Urban Anxieties in the Global South

Wednesday, 16 August, 2017 - 09:30

This workshop is premised upon a very basic reality: to feel anxiety about the global south is very different to feeling anxiety in the global south. The dominant discourse about urban life in the south essentially views its megacities as large problems to quantify and to solve. We propose an alternative approach: a focus on global south urban subjectivities and an attempt to map experiences of contemporary urban anxiety in the global south.
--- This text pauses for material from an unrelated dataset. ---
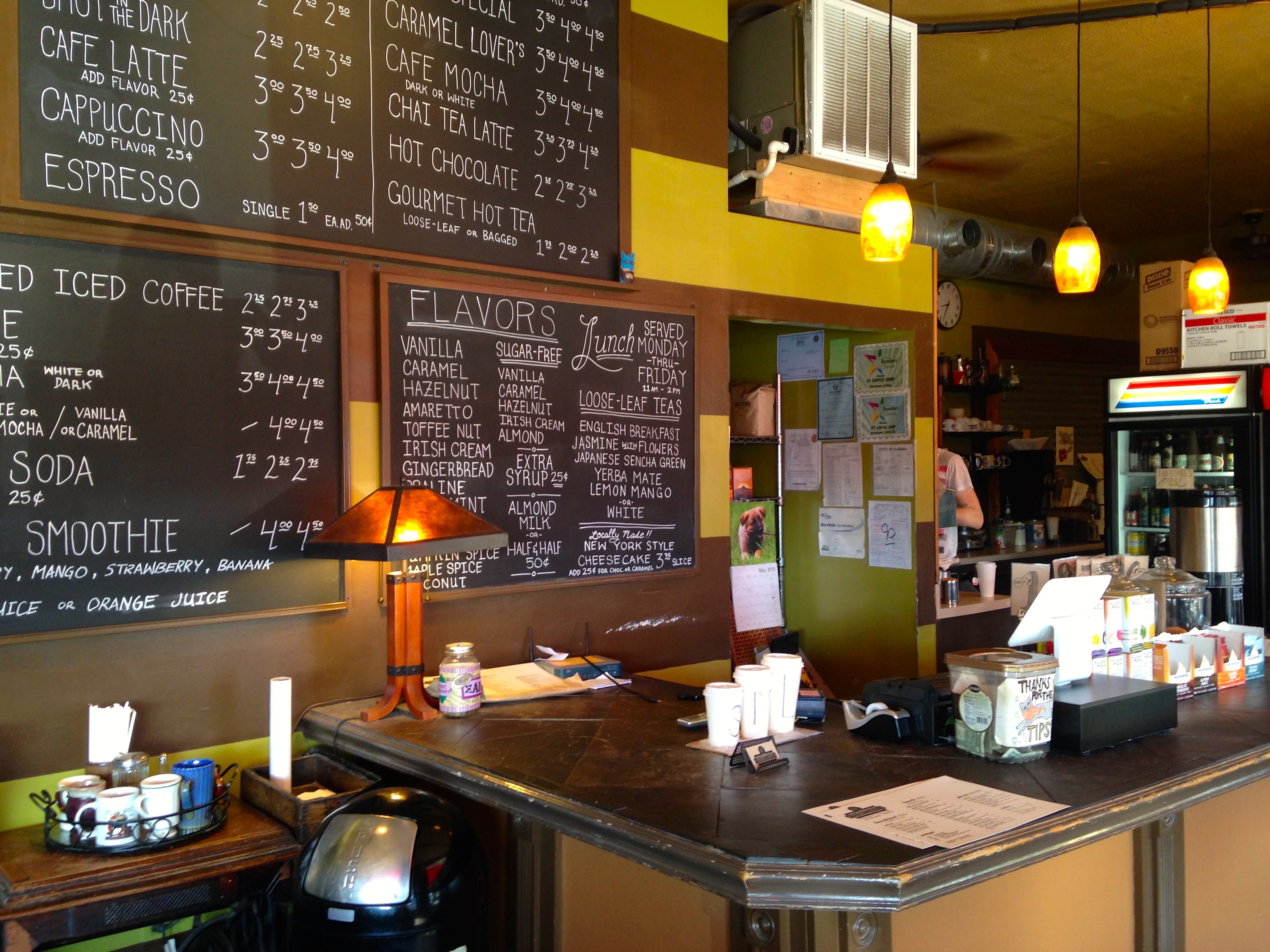There is funky artwork on the walls, which you can buy if you want. Like most coffee houses, you belly up to the coffee counter and order.

We live in an age of free-floating anxiety. Popular media, culture and politics are awash with concern about the future of economies, of democracy, of modernity, of the planet. The ‘global south’ features strongly in these anxieties. Across the world, media and political discourses repeat the notion that global-south cities are deeply enmeshed in continuing crises around movement, terrorism and the environment. In many of these narratives the global south features as the bogeyman in a northern imaginary, with anxieties about politics, migration and trade from the south leading to rightwing backlash in the north. But what about the south’s own imaginary? What keeps us up at night in the megacities of the global south?

The programme draws together perspectives from a variety of disciplines and methodologies to initiate a contemporary conversation around discourse, narrative, subjectivity and individual experience as they relate to anxious global south cities. It is intended to facilitate the development of a network of researchers in the south.

On Wednesday, the workshop considers various anxieties: spacial, social, technolocal and the anxiety of the elites in urban cities.

Thursday’s morning sessions discuss migration and insecurity. At lunch, Wits Press and WiSER will hold the book launch of Remains of the Social by Derek Hook, Ross Truscott, Maurits van Bever Donker. The afternoon will end with a final session on spacial anxiety followed by drinks.

This is a joint project by Wits Media Studies and WISER.